Updated

American fighter jets pounded suspected enemy positions in Afghanistan after two U.S. bases came under rocket fire in the east of the country, the U.S. military said in a statement.

In the first attack Thursday evening, nine 107mm rockets were fired at a U.S. military base near Gardez, in eastern Afghanistan. The rockets landed near the base but did not cause any casualties, the military said in a statement from its headquarters at Bagram Air Base, north of Kabul.

The military called in A-10 fighter planes, which dropped several bombs and fired about 2,000 rounds of ammunition. Special forces troops found a suspected enemy vehicle and destroyed a rocket that had not been fired.

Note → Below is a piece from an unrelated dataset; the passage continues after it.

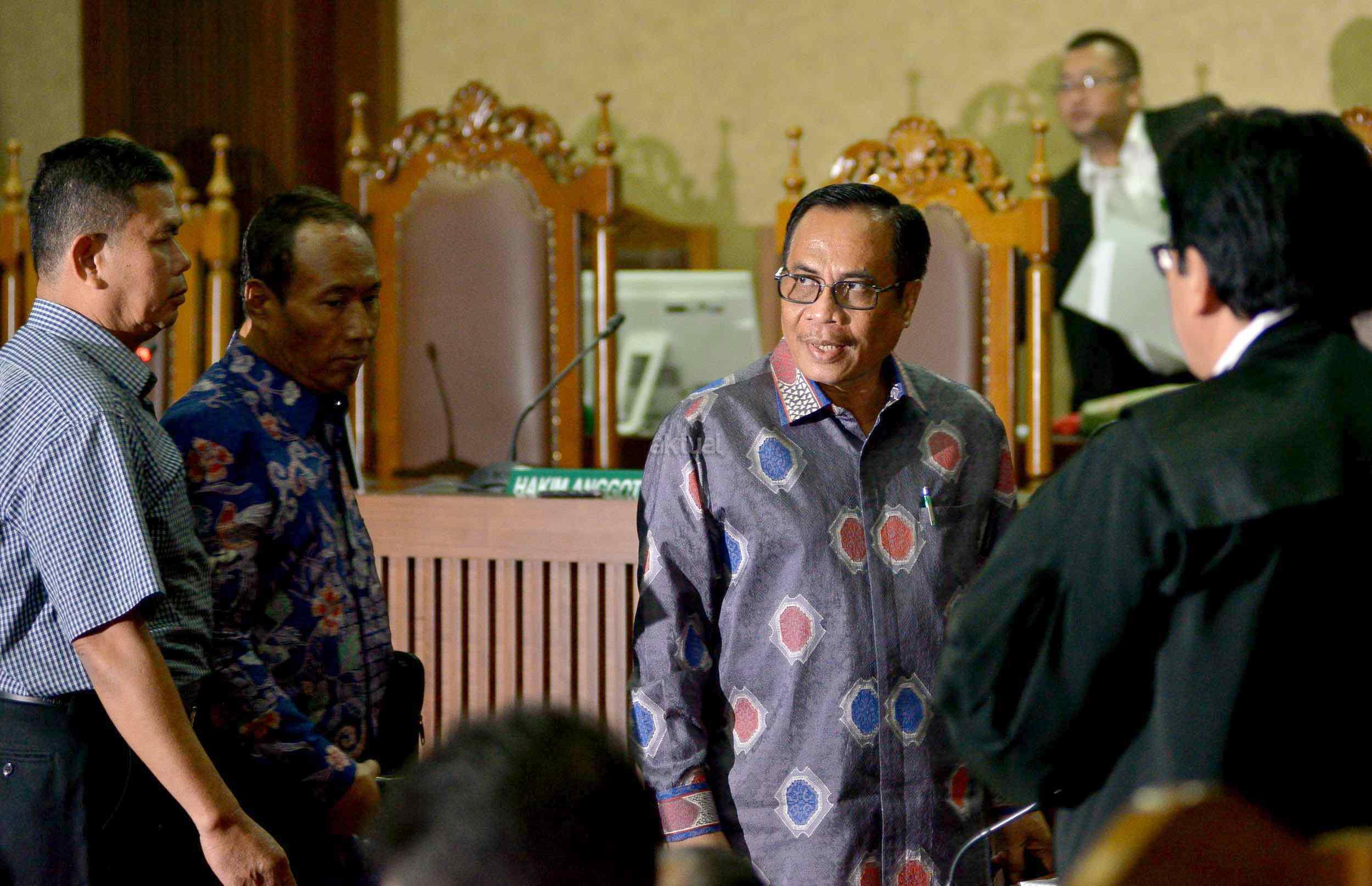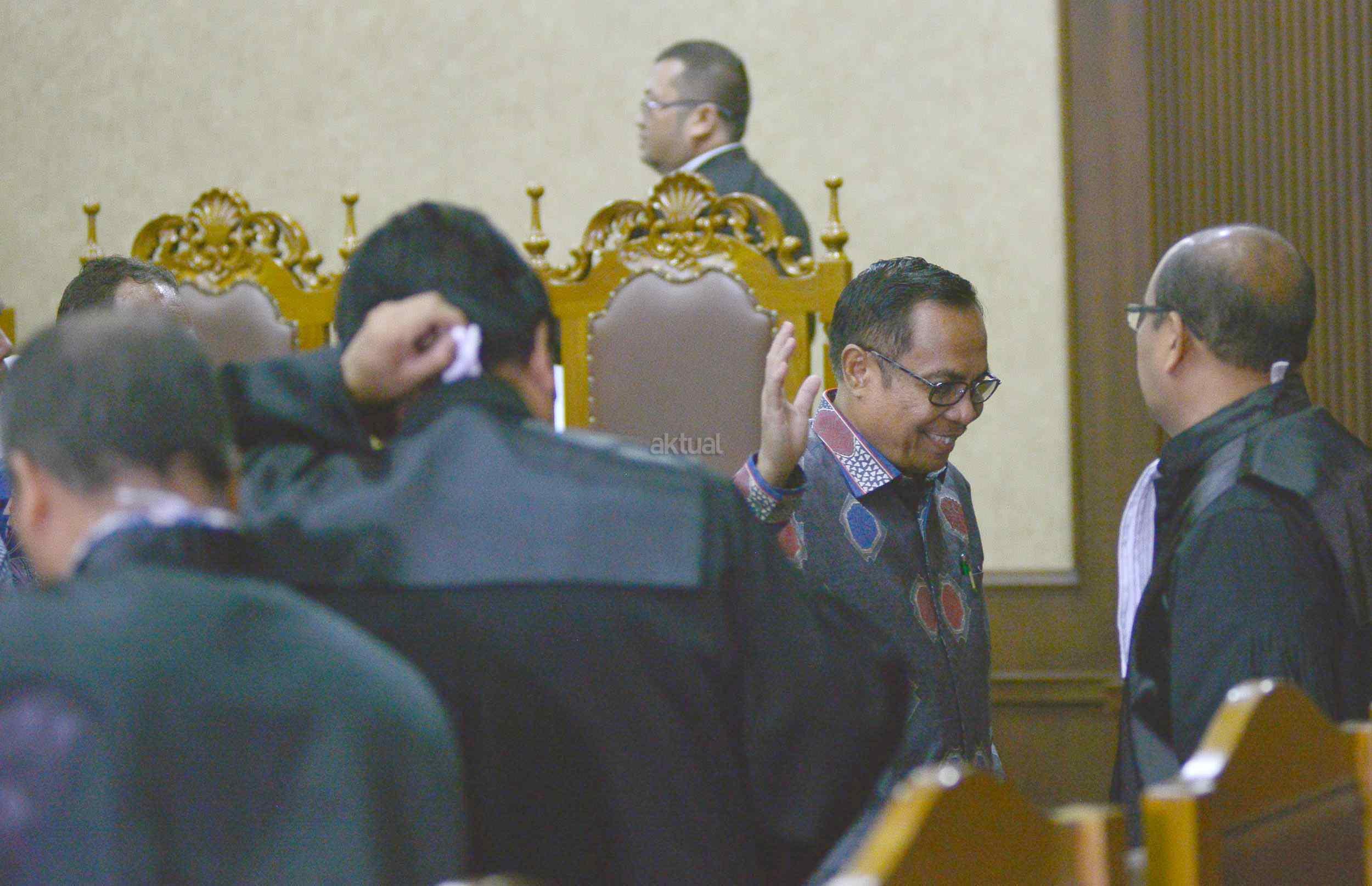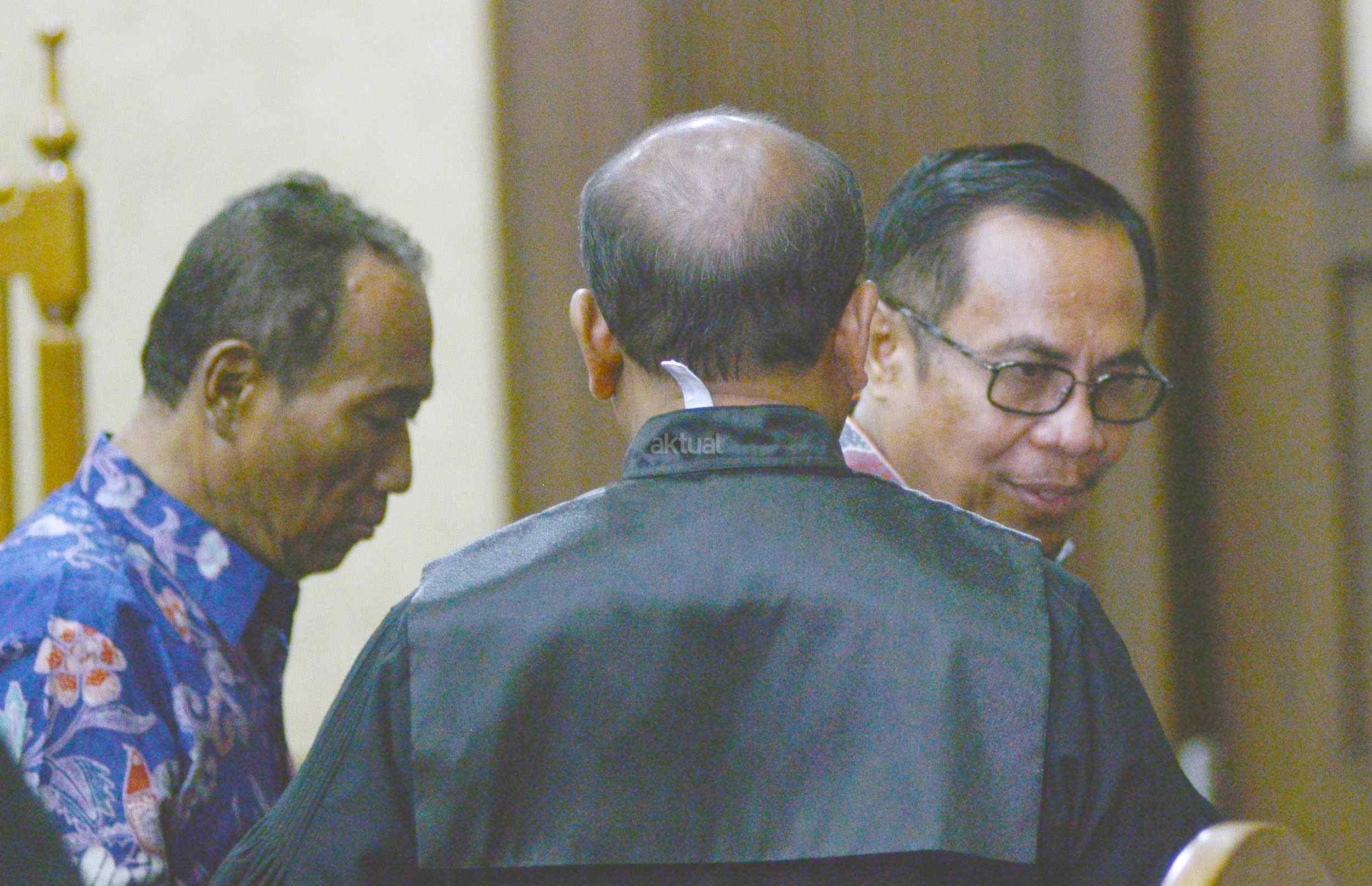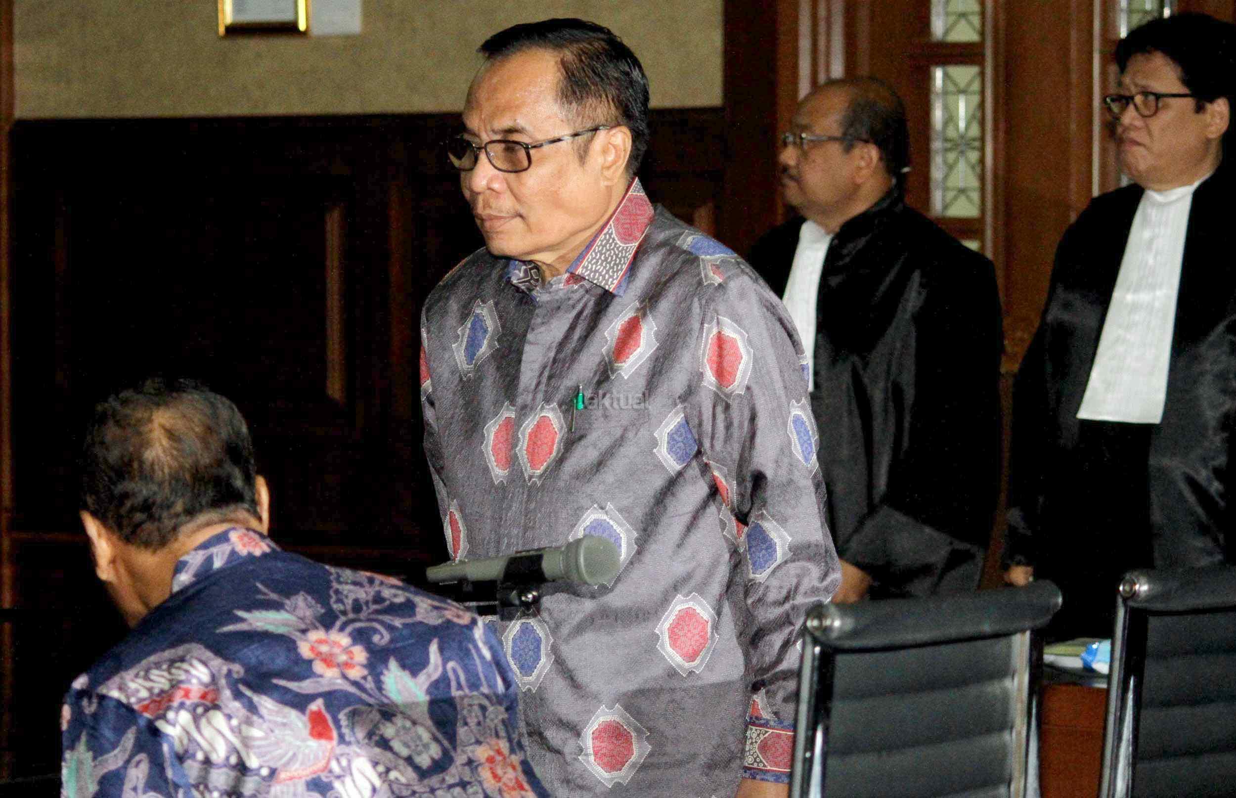Dua terdakwa kasus dugaan korupsi pengadaan proyek e-KTP, Mantan Dirjen Kependudukan dan Pencatatan Sipil Kemendagri Irman dan Mantan Direktur Pengelolaan Informasi Administrasi Kependudukan dan Pencatatan Sipil Kemendagri Sugiharto, saat menjalani sidang perdana di Pengadilan Tipikor, Jakarta, Kamis (9/3/2017). Dalam pengusutan kasus ini, penyidik telah menyita sejumlah barang bukti di antaranya uang sebesar Rp247 miliar yang didapat dari perorangan maupun korporasi. Sehingga diduga korupsi e-KTP mengakibatkan kerugian hingga Rp2,3 triliun dari total anggaran Rp5,9 triliun.

Several hours later, a U.S. base in Lwara, 110 miles southwest of Kabul, came under rocket and mortar fire, and at least one round exploded inside the compound, the military said. Soldiers from the 82nd Airborne division moved on the launch site, trading small arms and mortar fire with the suspected attackers.

An A-10 plane fired rockets at the launch site and dropped a 500-pound bomb after three suspected enemy fighters were detected moving, and another aircraft dropped a 1,000-pound bomb shortly afterward, the military said.

There were no coalition casualties. The military said it believes at least two of the suspected attackers were killed.

Attackers have been firing crude rockets near U.S. forces in eastern Afghanistan for months, but they rarely hit their targets.

U.S. troops regularly conduct patrols along Afghanistan's eastern border with Pakistan, hunting for senior Taliban leaders and Al Qaeda terrorists.